- [Prompt] Write out only the lines from the start of the entries up to and including the line with "בסרטון Gameplay חדש"; please skip the pictures.

──────────

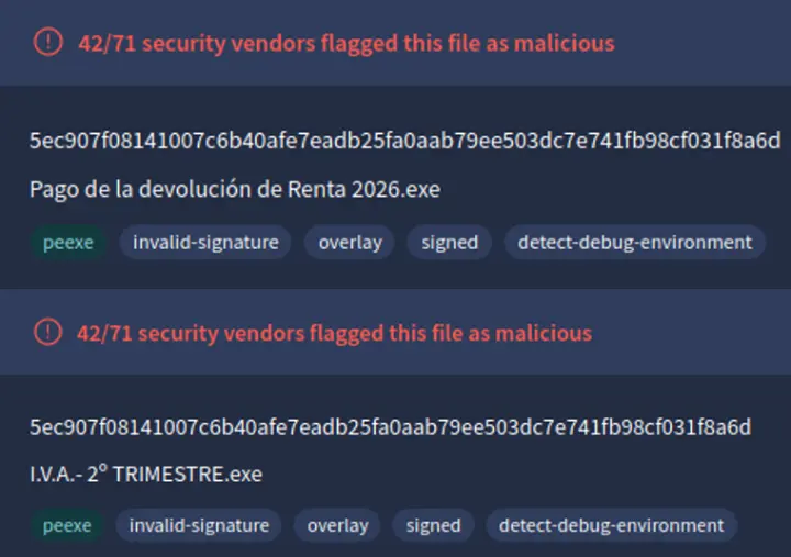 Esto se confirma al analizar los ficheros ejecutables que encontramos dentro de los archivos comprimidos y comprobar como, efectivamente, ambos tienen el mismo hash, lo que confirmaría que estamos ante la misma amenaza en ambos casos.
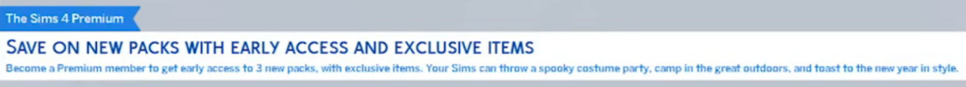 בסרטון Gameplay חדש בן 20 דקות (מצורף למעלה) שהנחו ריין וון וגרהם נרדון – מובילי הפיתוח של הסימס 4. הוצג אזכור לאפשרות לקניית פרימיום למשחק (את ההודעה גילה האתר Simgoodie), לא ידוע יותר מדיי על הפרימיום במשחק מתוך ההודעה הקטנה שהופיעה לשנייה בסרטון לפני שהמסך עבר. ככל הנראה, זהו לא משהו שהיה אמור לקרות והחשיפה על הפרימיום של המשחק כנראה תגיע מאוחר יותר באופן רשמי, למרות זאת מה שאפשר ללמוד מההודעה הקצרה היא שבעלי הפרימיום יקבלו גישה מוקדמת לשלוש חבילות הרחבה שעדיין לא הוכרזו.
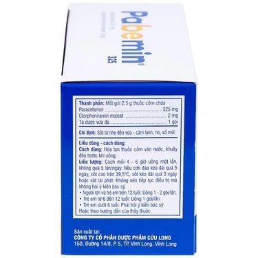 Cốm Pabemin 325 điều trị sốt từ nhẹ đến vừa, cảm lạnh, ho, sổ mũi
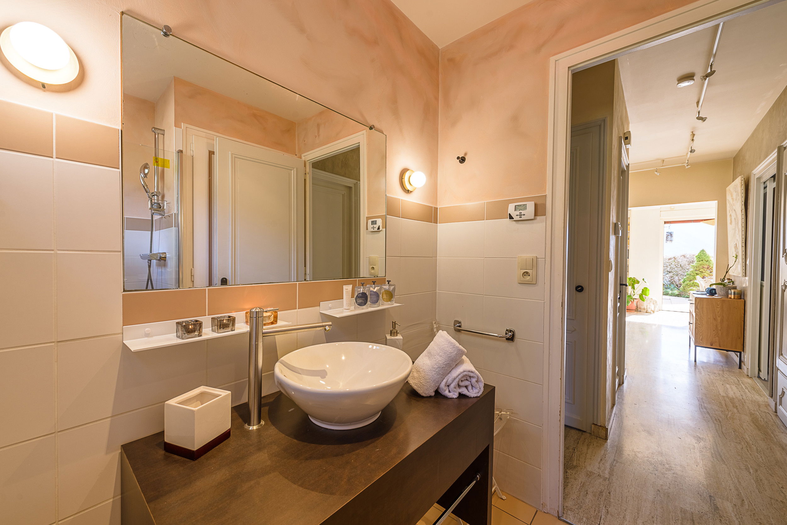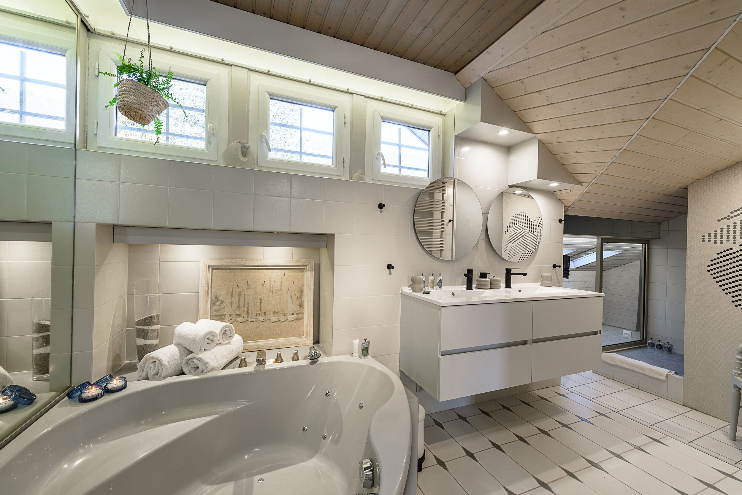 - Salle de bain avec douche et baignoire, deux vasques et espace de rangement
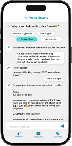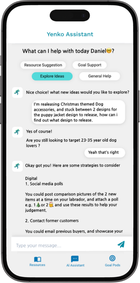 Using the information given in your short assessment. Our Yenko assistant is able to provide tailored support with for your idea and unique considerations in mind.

──────────

- [Solution below]
 Esto se confirma al analizar los ficheros ejecutables que encontramos dentro de los archivos comprimidos y comprobar como, efectivamente, ambos tienen el mismo hash, lo que confirmaría que estamos ante la misma amenaza en ambos casos.
 בסרטון Gameplay חדש בן 20 דקות (מצורף למעלה) שהנחו ריין וון וגרהם נרדון – מובילי הפיתוח של הסימס 4. הוצג אזכור לאפשרות לקניית פרימיום למשחק (את ההודעה גילה האתר Simgoodie), לא ידוע יותר מדיי על הפרימיום במשחק מתוך ההודעה הקטנה שהופיעה לשנייה בסרטון לפני שהמסך עבר. ככל הנראה, זהו לא משהו שהיה אמור לקרות והחשיפה על הפרימיום של המשחק כנראה תגיע מאוחר יותר באופן רשמי, למרות זאת מה שאפשר ללמוד מההודעה הקצרה היא שבעלי הפרימיום יקבלו גישה מוקדמת לשלוש חבילות הרחבה שעדיין לא הוכרזו.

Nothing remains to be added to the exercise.